The core reason the Interent grew as it did is because no corporate entity
owns the following protocols: TCP/IP, SMTP, HTTP, FTP.  These act as a
neutral foundation, owned by none, on which higher-value applications rest.
The new generation of Net protocols: Java, Shockwave, RealAudio, etc. no
longer fit this mold.  Instead, they are owned by corporations.  With this
in mind, for a corporation to monopolize cyberspace, control of the "local
loop", or access to the consumer, is not enough.  The corporation must also
control the standard for multimedia communications itself.  This gnawing
fear we have is, for instance, that if we all embrace Java, to the point
where it is deeply intertwined with the future Net, it becomes a kind of
Trojan Horse.  Free at first...but leading to monopoly of data-transmission
protocols later...and then what is the cost?

So, sadly, here is the bad news.  Corporations know this.  For instance, in
conjunciton with an article I wrote for New York magazine on AT&T, I was
sent a confidential internal document, titled "Target: Growth 2005,
Creating a New Future."  My highly credible source explained that Alex
Mandl, COO of AT&T, expected to become CEO after Bob Allen retires,
authored it. The board of directors approved this document, sometime around
last September, and it was distributed to AT&T supervisors to explain the
pos-breakup world of communications. To summarize, Mandl predict every form
of communication will go digital in the next decade, and that the world
will be connected through what he calls a "network utility," a kind of
descendant of the Net.  In this new world, Mandl acknowledges that
long-distance is headed for obsolescene (thanks to the equivalent of
"NetPhones."), and that AT&T must totally revamp for the change.  One
central conclusion Mandl reaches, and I quote verbatim:

"CSG [a division of AT&T] will set the standards for the network's
operating system.  We will partner with others to design an open operating
system that will allow the entire software and hardware industries to
develop applications for our network.  This network operating system will
be to the information and communications industry what MS-DOS is to the
personal computer business.  This open environment is key to building
high-value applications, both inside and outside the company, for our

Just as Bill Gates, through Windows, created an "open" system for the PC,
so too does AT&T hope to create an "open" system for multimedia
communications of the future.  When I asked Tom Esvlin, former Microsoft
employee, and now in charge of AT&T's WorldNet service what this meant, he
(after first refusing to confirm or deny the document I had exists) agreed
with the MS-DOS analogy, pointing out that it was "open" compared to
Apple's strategy, which is "closed" because Apple controls both the
hardware and software running Macintoshes.

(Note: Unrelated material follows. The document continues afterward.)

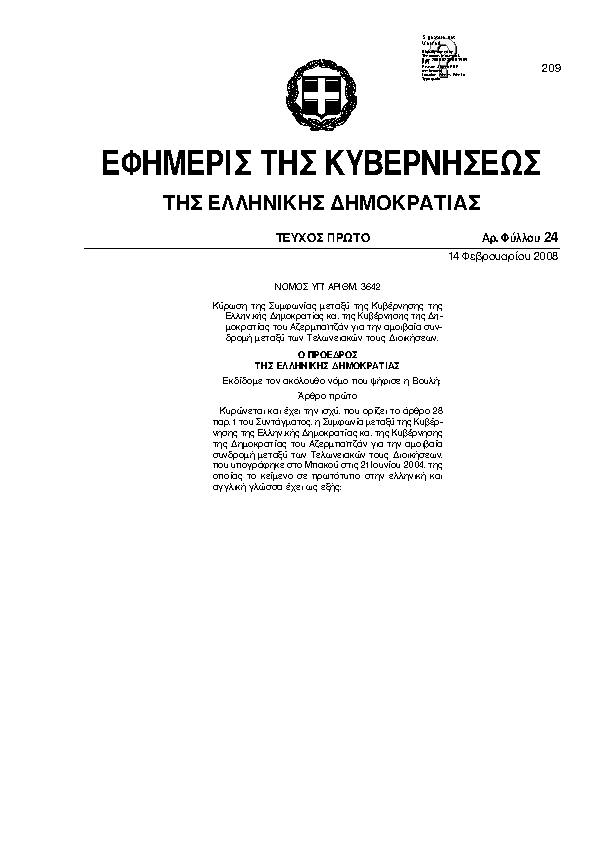 ΚΥΡΩΣΗ ΤΗΣ ΣΥΜΦΩΝΙΑΣ ΜΕΤΑΞΥ ΤΗΣ ΚΥΒΕΡΝΗΣΗΣ ΤΗΣ ΕΛΛΗΝΙΚΗΣ ΔΗΜΟΚΡΑΤΙΑΣ ΚΑΙ ΤΗΣ ΚΥΒΕΡΝΗΣΗΣ ΤΗΣ ΔΗΜΟΚΡΑΤΙΑΣ ΤΟΥ ΑΖΕΡΜΠΑΙΤΖΑΝ ΓΙΑ ΤΗΝ ΑΜΟΙΒΑΙΑ ΣΥΝΔΡΟΜΗ ΜΕΤΑΞΥ ΤΩΝ ΤΕΛΩΝΕΙΑΚΩΝ ΤΟΥΣ ΔΙΟΙΚΗΣΕΩΝ.

The point is, in plain English, that at least AT&T understands how
important it is to own the basic protocols of the future "network utility."
As consumers, and Net users, one obvious antidote is to create
non-governmental organizations to produce future multimedia protocols, much
as Tim Berners-Lee did with CERN in 1989 with the HTTP protocol.  We must
begin to organize, tapping the computing skills of the non-profit community
(academia, for instance) to keep producing truly "open" standards -- i.e.
standards whose source code and copyright are not exclusively owned by a
corporation.  This is an immediate, and essential antidote to the very
real, non-hypothetical, threat of a return to monopoly, a la Bill Gates, in
network communications.


  David S. Bennahum
  632 Broadway, 6th Floor
  New York, NY 10012
  Voice: 212-674-8107
  Fax  : 212-505-8520
 New York Magazine * Wired * The New York Times
         The Economist * Harper's Bazaar

(David also let me know that the article he sent us recently appeared
as "Tolling the Bell" in New York magazine, p. 22, March 18, 1996.--Andy)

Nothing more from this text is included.